The answer: You get a discontinuity, even for the large sites. And it looks similar in magnitude (+0.091) to the main estimate from our analysis that pools all sites together (+0.129). For those who like formality, this result for the largest sites is definitely not statistically different from what we report in the paper. Conclusion: our results hold for the largest sites.

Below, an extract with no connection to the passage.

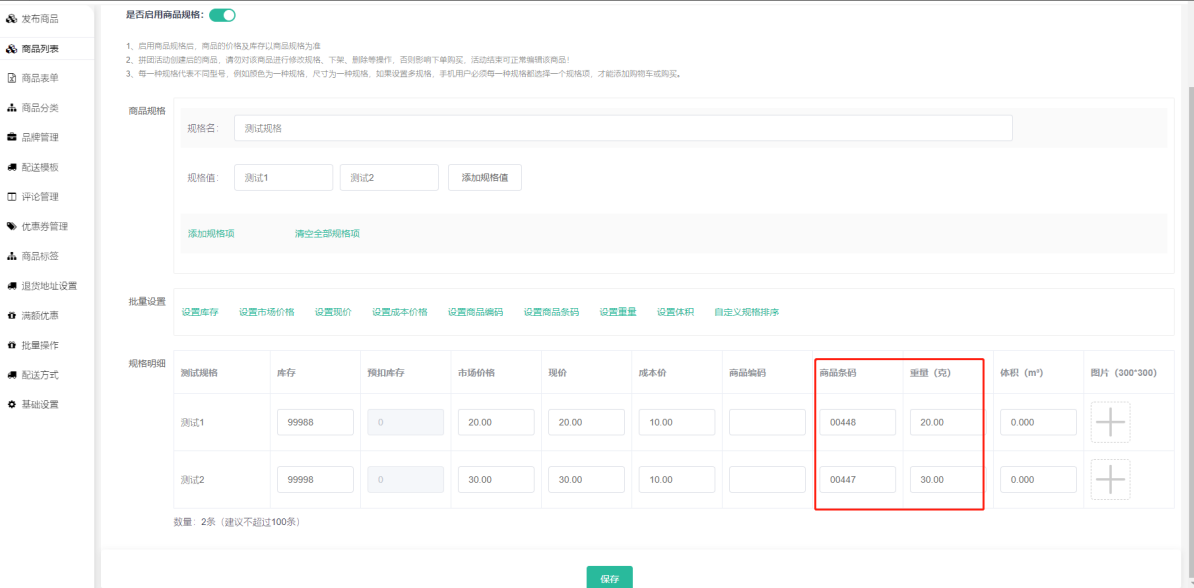 多规格商品设置

For those that are curious what you get for the smaller sites when you hold the sample fixed:

which is the result for the 79% of sites that have average total carcass counts below 20. The clearest difference between these small sites and the large sites is that the pre-trend is very different. In our paper, we had very little pre-trend when we looked at the whole sample (because it was an average of these two opposing trends), making the modest upward change in the trend appear to be minor. But looking at the 79% of smaller sites, you see a different story. The trend before the sale was going down, and then it completely and abruptly flipped in the 2008. This suggests even more strongly that the broad pattern of increasing poaching across Africa and Asia originated in response to an event in 2008—and as we argue in our paper, the most plausible candidate is the 2008 sale.

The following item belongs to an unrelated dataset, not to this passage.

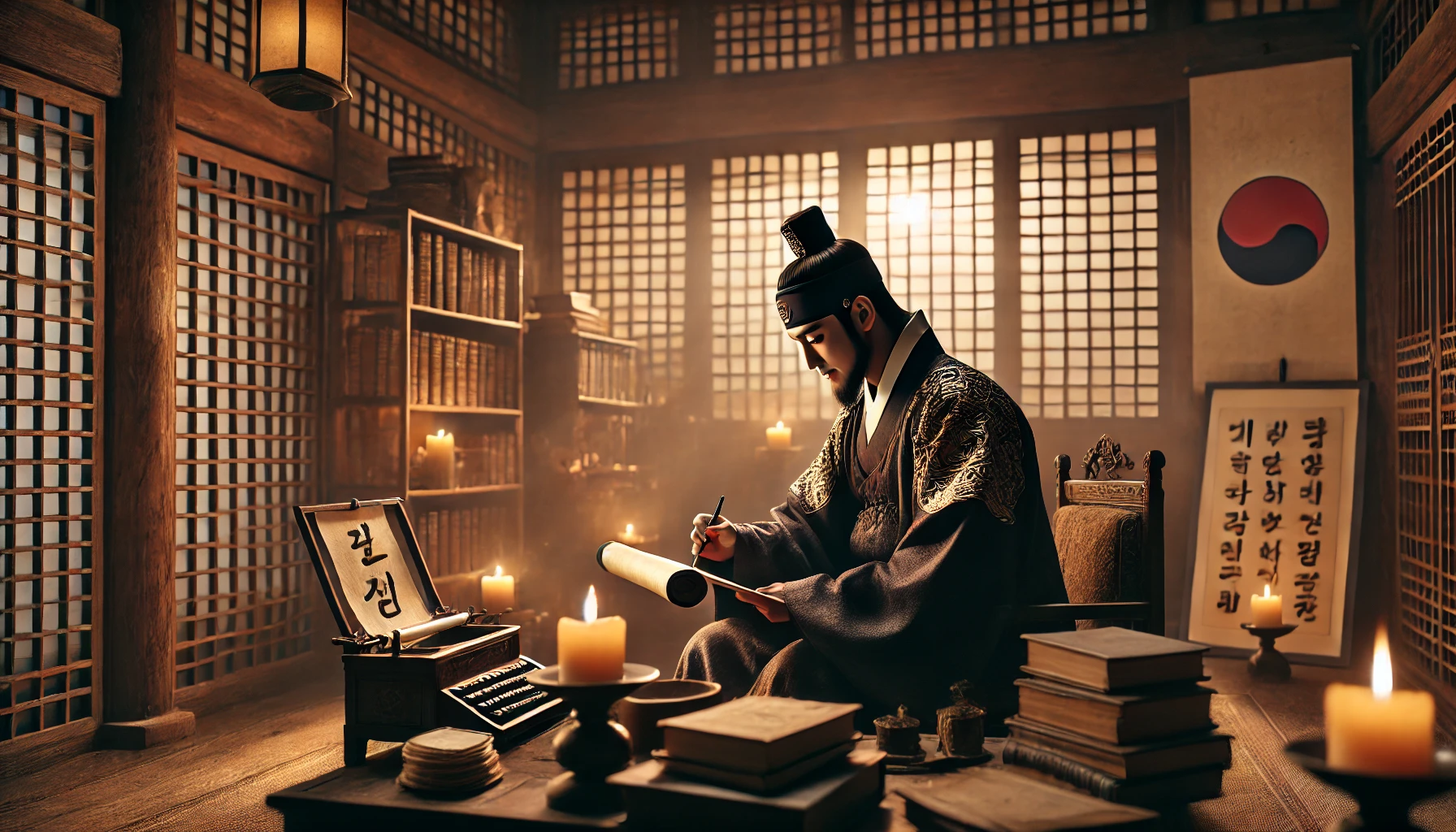 1420년, 조선의 수도 한양의 경복궁 편전. 세종은 신하들과 함께 국정을 논의하던 중 문득 창밖을 바라봅니다. 궁궐 밖 백성들의 삶이 그의 마음에 무겁게 내려앉습니다.

In terms of the discontinuity, is the total reporting of carcasses important? Suppose we were interested in the question originally posed by DLM, how would I have answered it? There is actually a much better approach than theirs: simply run the same complete model for the data, but allow the size of the discontinuity to be a function of the average number of carcasses reported at a site. (Mathematically, this is accomplished simply by simply interacting average total carcass reporting with the post 2008 dummy variable.) Notably, I use the natural logarithm of average total carcasses for this interaction because the distribution of total carcasses is roughly log-normal. When I allow the effect of the sale to vary linearly with the “log size” of sites, this is what I get:

The black line is our original estimate pooling all the data with the 95% confidence interval in grey. The red line is the effect that is allowed to vary with log size. Basically, we see a very slight downward trend, but essentially we see nothing. Our pooled estimate is a very good approximation of the discontinuity exhibited across the sample.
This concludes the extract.